- UK theatrical release poster
- Directed by: Rowan Athale
- Written by: Rowan Athale
- Produced by: Stuart Ford; Mark Lane; Kevin Sampson;
- Starring: Amir El-Masry; Pierce Brosnan; Katherine Dow Blyton; Austin Haynes; Arian Nik; Ali Saleh; Ghaith Saleh;
- Cinematography: Larry Smith
- Production companies: Balboa Productions; AGC Studios; Tea Shop Productions; White Star Productions;
- Distributed by: True Brit Entertainment (United Kingdom); Vertical (United States);
- Release dates: October 18, 2025 (BFI London Film Festival); January 9, 2026 (United Kingdom); May 22, 2026 (United States);
- Running time: 110 minutes
- Countries: United Kingdom United States
- Language: English
- Box office: $1.5 million

= Giant (2025 film) =

2025 film by Rowan Athale

Giant is a 2025 biographical sports drama film written and directed by Rowan Athale, based on the relationship between boxer Naseem Hamed and his trainer Brendan Ingle. It stars Amir El-Masry as Hamed and Pierce Brosnan as Ingle.

A British and American co-production, the film premiered at the 2025 BFI London Film Festival, and was released in the United Kingdom on January 9, 2026 to mixed reviews.

==Production==
===Development===
The film is written and directed by Rowan Athale. AGC Studios were in development on the project in 2020. It was moving forward in January 2023, with Paddy Considine and Mena Massoud set to star.

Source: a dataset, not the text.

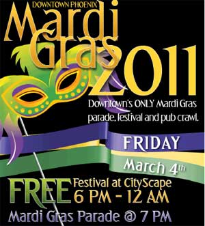 - Advance tickets can be purchased online at www.downtownphoenix.com/mardigras.

Sylvester Stallone and Braden Aftergood are among the executive producers through Balboa Productions. It is produced by Mark Lane of Tea Shop Productions and Kevin Sampson of White Star Productions. AGC Studios and BondIt Media Capital are financing the film. AGC chairman and CEO Stuart Ford will also produce.

===Casting===
In April 2024, Amir El-Masry and Pierce Brosnan were cast as Prince Naseem and his coach Brendan Ingle. Later that month, Katherine Dow Blyton, Austin Haynes, Rocco Haynes and Arian Nik joined the cast.

===Filming===
Principal photography began in Leeds in April 2024. First look images from the set were reported in April 2024, showing Brosnan in character.

==Release==
===Theatrical===
Giant premiered at the 2025 BFI London Film Festival. The film was released in the United Kingdom on January 9, 2026. It was released in the United States by Vertical on May 22, 2026.

== Reception ==
=== Critical response ===
On the review aggregator Rotten Tomatoes, the film holds an approval rating of 57% based on reviews from 23 critics. Metacritic, which uses a weighted average, assigned the film a score of 50 out of 100, based on six critics, indicating "mixed or average".

===Subject's response===
Hamed stated that the film was fictional and did not accurately represent true events, in particular the breakdown of his relationship with Brendan Ingle. He also stated that the movie was portrayed more so from Ingle's perspective and not just his own. According to Hamed, he had no involvement or input during the production, only viewing it after completion. He said "although the film was 'difficult to watch', how can I not back it? It just put a smile on my face. It didn't go full out to how I would have wanted because there was none of my input, but thank God, it's nice when they do a movie you about you though, innit?" Hamed planned to release his own documentary series to present his side of the story, with Mark Wahlberg interested in being involved.